→ Activity
Reproduce only the lines below from the line containing "La Orquesta Sinfónica" to the line containing "(в) (рис. 1).", exactly as written, with both end lines kept. Omit the pictures.

→ Dataset records
......
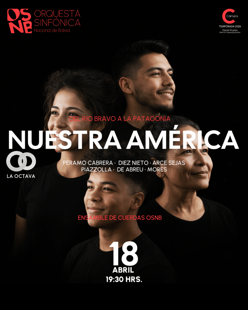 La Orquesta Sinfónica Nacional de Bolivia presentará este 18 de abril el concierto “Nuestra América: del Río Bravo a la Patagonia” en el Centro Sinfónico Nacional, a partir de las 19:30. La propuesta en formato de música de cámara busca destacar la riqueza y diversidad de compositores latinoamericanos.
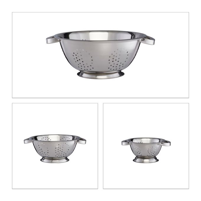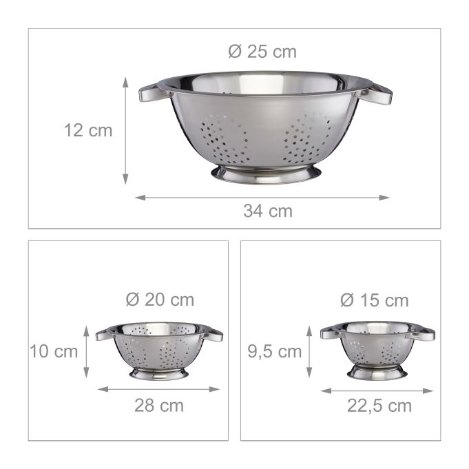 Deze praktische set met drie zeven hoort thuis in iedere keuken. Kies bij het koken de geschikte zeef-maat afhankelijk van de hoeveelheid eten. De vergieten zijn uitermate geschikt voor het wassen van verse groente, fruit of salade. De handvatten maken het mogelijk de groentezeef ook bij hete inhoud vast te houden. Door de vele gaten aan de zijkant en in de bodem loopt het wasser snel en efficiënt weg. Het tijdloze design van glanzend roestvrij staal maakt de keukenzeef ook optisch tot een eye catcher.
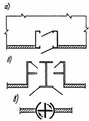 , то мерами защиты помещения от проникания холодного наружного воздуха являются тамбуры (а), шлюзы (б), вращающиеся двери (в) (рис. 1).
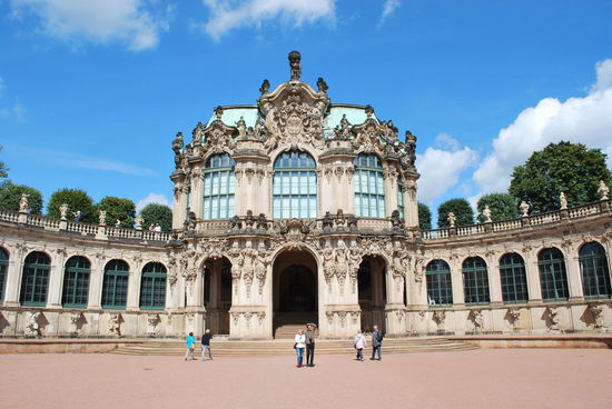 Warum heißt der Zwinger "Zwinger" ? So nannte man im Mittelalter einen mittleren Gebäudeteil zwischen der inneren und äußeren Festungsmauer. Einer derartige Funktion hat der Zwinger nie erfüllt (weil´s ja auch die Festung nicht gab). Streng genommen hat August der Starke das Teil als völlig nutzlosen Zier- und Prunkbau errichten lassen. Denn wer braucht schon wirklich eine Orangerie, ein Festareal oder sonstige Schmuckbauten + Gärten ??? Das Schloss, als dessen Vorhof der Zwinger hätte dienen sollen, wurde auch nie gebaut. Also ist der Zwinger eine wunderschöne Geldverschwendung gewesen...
......
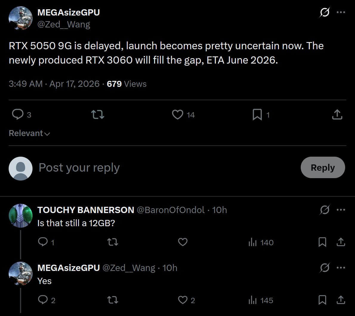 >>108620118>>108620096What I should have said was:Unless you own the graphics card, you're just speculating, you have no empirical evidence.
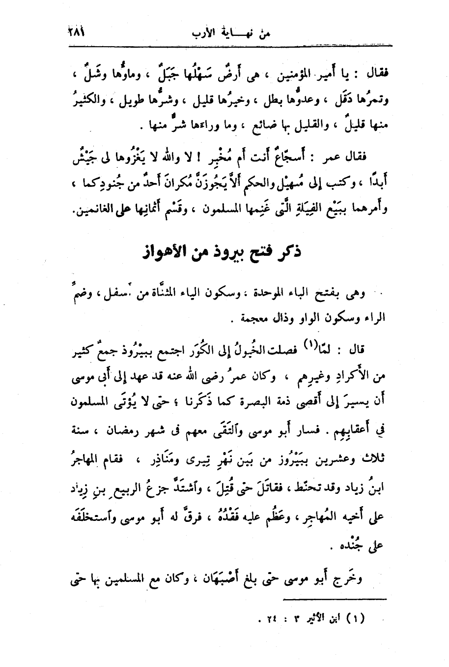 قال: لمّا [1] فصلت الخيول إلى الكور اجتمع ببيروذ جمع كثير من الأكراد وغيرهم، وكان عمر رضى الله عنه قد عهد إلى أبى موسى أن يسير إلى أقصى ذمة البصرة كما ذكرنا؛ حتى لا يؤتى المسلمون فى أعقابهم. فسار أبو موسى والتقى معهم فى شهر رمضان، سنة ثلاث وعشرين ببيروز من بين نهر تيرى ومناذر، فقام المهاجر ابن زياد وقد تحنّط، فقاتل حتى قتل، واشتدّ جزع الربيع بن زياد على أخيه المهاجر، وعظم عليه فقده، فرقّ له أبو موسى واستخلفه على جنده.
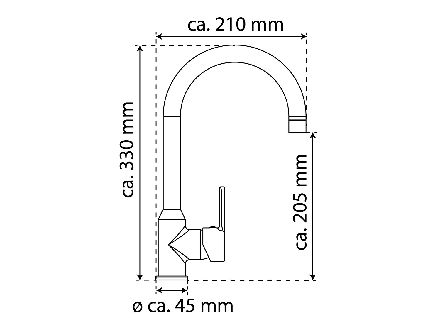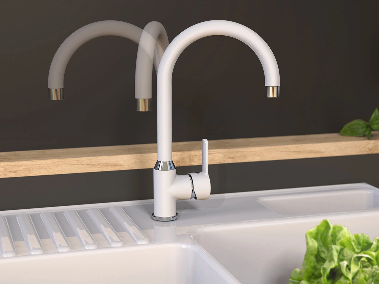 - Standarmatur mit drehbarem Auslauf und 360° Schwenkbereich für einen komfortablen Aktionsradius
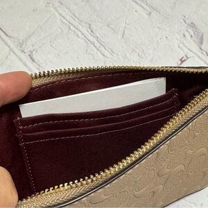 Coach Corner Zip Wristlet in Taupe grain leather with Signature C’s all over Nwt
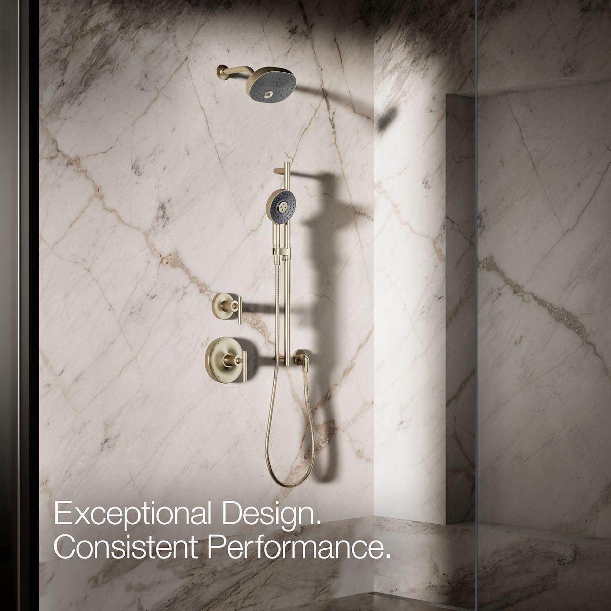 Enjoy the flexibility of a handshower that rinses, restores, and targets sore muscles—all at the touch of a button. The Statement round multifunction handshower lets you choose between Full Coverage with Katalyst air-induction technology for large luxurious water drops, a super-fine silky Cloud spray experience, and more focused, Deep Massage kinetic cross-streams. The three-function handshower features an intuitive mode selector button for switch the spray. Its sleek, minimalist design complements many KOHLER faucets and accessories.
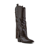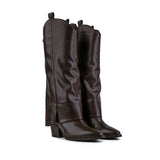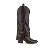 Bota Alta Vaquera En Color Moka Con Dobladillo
......
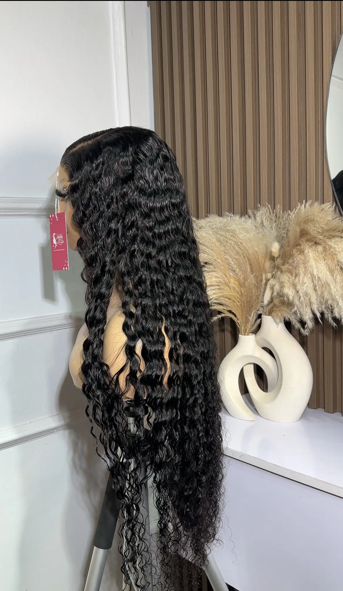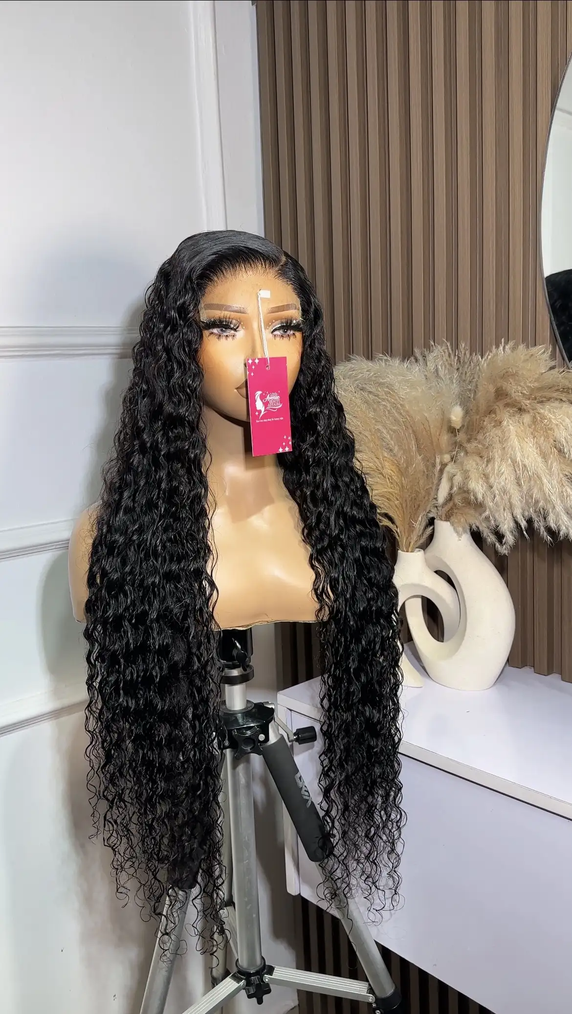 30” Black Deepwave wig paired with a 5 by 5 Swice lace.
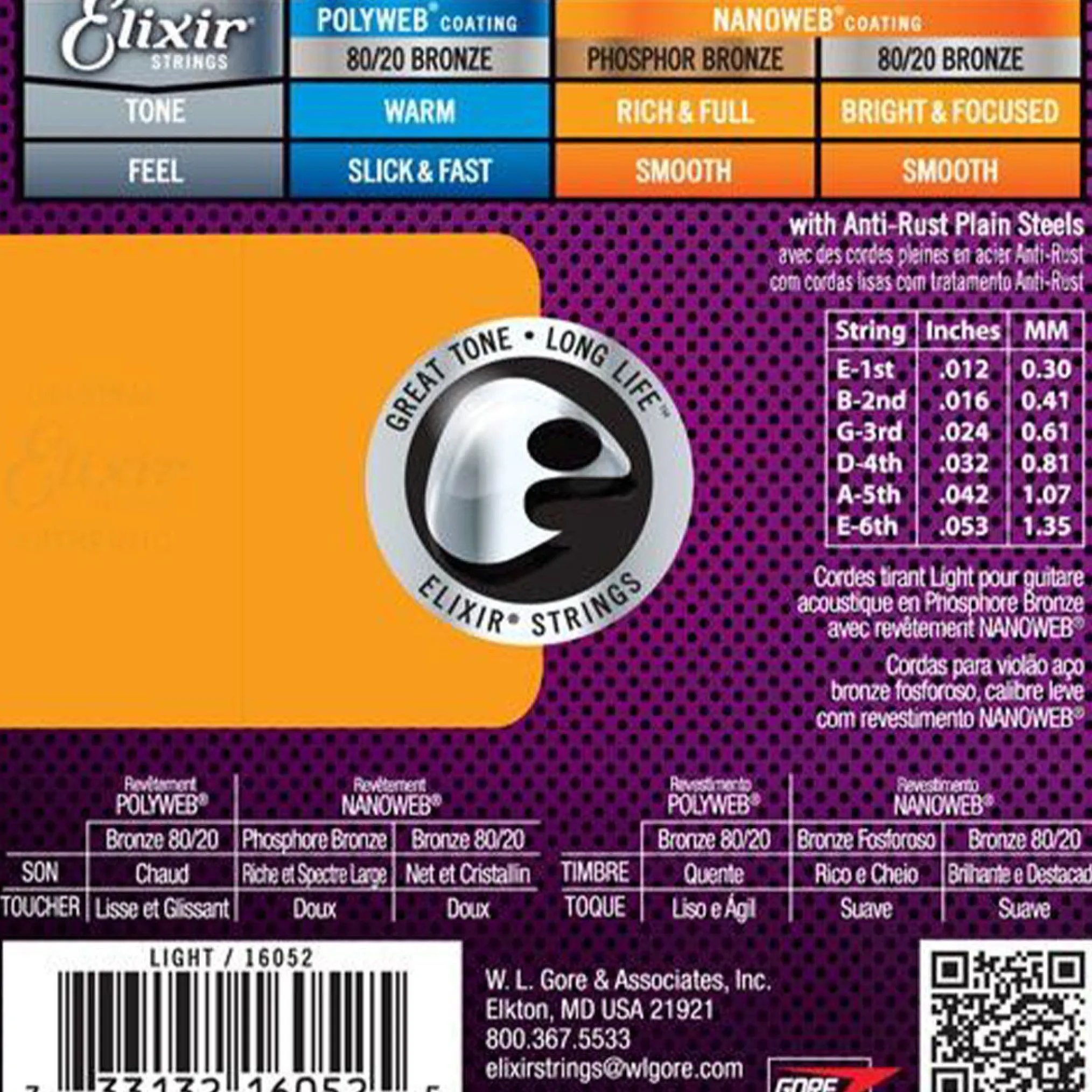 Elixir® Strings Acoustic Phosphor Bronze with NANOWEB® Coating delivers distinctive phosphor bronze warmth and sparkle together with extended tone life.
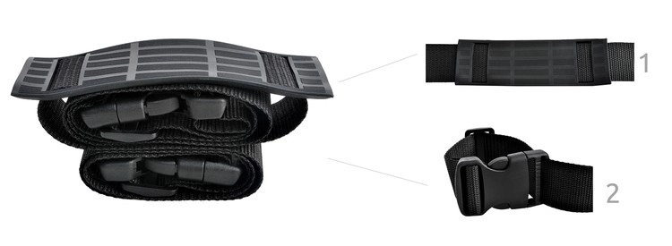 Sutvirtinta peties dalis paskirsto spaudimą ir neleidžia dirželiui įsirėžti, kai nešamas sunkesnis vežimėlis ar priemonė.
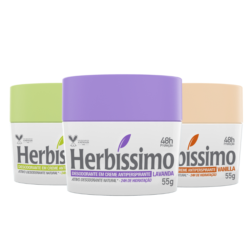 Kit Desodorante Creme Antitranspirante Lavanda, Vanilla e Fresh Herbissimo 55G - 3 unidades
......
→ Completed task
 La Orquesta Sinfónica Nacional de Bolivia presentará este 18 de abril el concierto “Nuestra América: del Río Bravo a la Patagonia” en el Centro Sinfónico Nacional, a partir de las 19:30. La propuesta en formato de música de cámara busca destacar la riqueza y diversidad de compositores latinoamericanos.
 Deze praktische set met drie zeven hoort thuis in iedere keuken. Kies bij het koken de geschikte zeef-maat afhankelijk van de hoeveelheid eten. De vergieten zijn uitermate geschikt voor het wassen van verse groente, fruit of salade. De handvatten maken het mogelijk de groentezeef ook bij hete inhoud vast te houden. Door de vele gaten aan de zijkant en in de bodem loopt het wasser snel en efficiënt weg. Het tijdloze design van glanzend roestvrij staal maakt de keukenzeef ook optisch tot een eye catcher.
 , то мерами защиты помещения от проникания холодного наружного воздуха являются тамбуры (а), шлюзы (б), вращающиеся двери (в) (рис. 1).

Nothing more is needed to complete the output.